What to do: Could you write out, exactly as they stand, only the lines in the listing below from the line with "As figuras 1, 2" to the line with "圖4 至2026年不同可再生能源技術(shù)發(fā)電量及占比預(yù)測", both ends included, without the pictures?

Input:
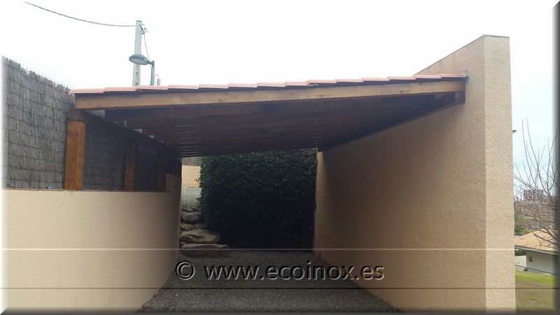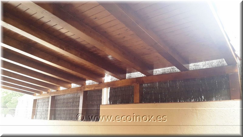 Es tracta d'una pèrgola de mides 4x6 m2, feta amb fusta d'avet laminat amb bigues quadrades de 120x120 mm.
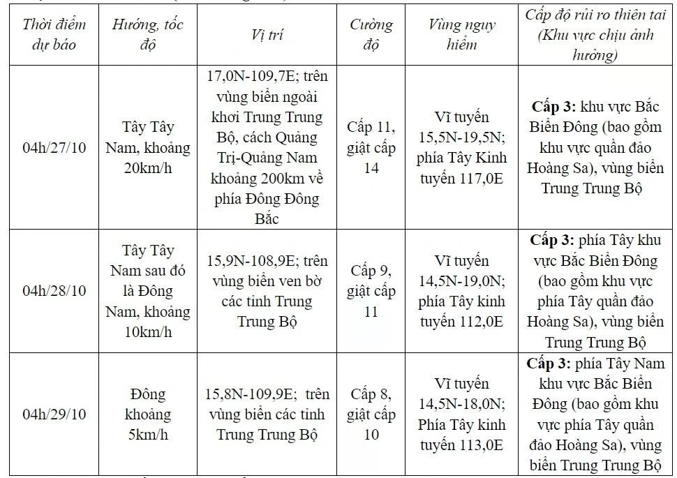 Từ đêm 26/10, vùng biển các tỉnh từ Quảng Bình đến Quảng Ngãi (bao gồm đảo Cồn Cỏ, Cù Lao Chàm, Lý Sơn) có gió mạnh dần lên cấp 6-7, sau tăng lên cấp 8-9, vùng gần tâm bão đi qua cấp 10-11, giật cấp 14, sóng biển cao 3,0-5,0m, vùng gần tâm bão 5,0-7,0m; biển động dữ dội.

--

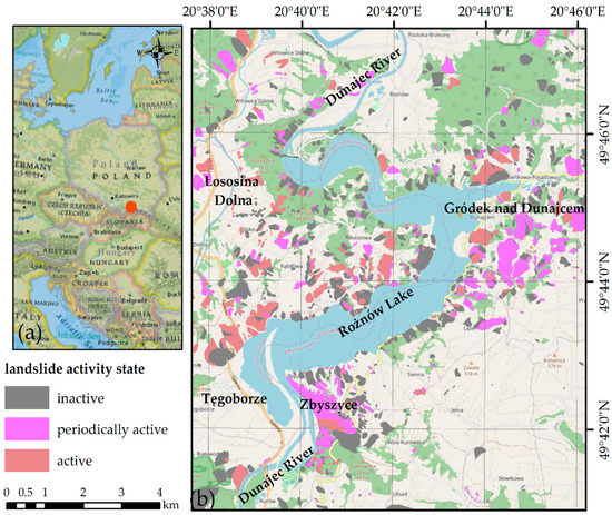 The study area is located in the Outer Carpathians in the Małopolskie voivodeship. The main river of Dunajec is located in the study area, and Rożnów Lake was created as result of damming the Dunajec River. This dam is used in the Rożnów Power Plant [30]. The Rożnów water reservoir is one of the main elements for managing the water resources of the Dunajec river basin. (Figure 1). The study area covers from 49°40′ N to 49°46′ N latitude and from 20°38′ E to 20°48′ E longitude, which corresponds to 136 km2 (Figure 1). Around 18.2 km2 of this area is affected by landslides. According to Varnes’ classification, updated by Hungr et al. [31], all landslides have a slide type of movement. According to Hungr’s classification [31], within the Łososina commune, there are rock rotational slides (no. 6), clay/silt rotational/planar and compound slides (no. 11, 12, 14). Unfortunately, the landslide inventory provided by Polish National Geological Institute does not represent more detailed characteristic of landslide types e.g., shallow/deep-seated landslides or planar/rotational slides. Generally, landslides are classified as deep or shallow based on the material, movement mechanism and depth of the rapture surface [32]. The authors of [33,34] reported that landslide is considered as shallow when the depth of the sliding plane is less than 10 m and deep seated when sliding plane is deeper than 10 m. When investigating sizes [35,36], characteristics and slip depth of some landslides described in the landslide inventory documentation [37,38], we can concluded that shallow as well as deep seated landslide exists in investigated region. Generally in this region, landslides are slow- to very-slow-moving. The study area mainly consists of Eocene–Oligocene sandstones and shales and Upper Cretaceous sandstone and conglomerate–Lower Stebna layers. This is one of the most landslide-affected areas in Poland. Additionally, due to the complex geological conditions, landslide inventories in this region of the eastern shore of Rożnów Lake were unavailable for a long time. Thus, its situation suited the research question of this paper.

---

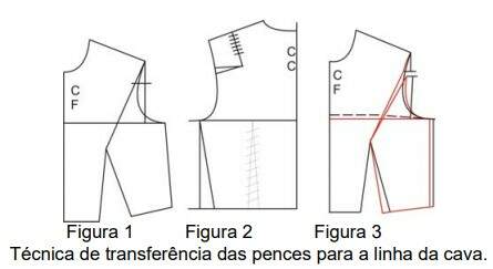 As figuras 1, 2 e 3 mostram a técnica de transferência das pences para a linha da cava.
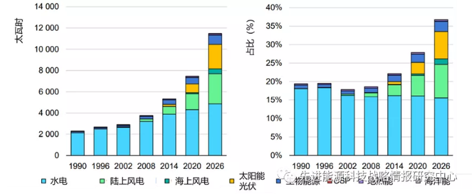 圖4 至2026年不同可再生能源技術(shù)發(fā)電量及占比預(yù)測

Response to the exercise:
 As figuras 1, 2 e 3 mostram a técnica de transferência das pences para a linha da cava.
 圖4 至2026年不同可再生能源技術(shù)發(fā)電量及占比預(yù)測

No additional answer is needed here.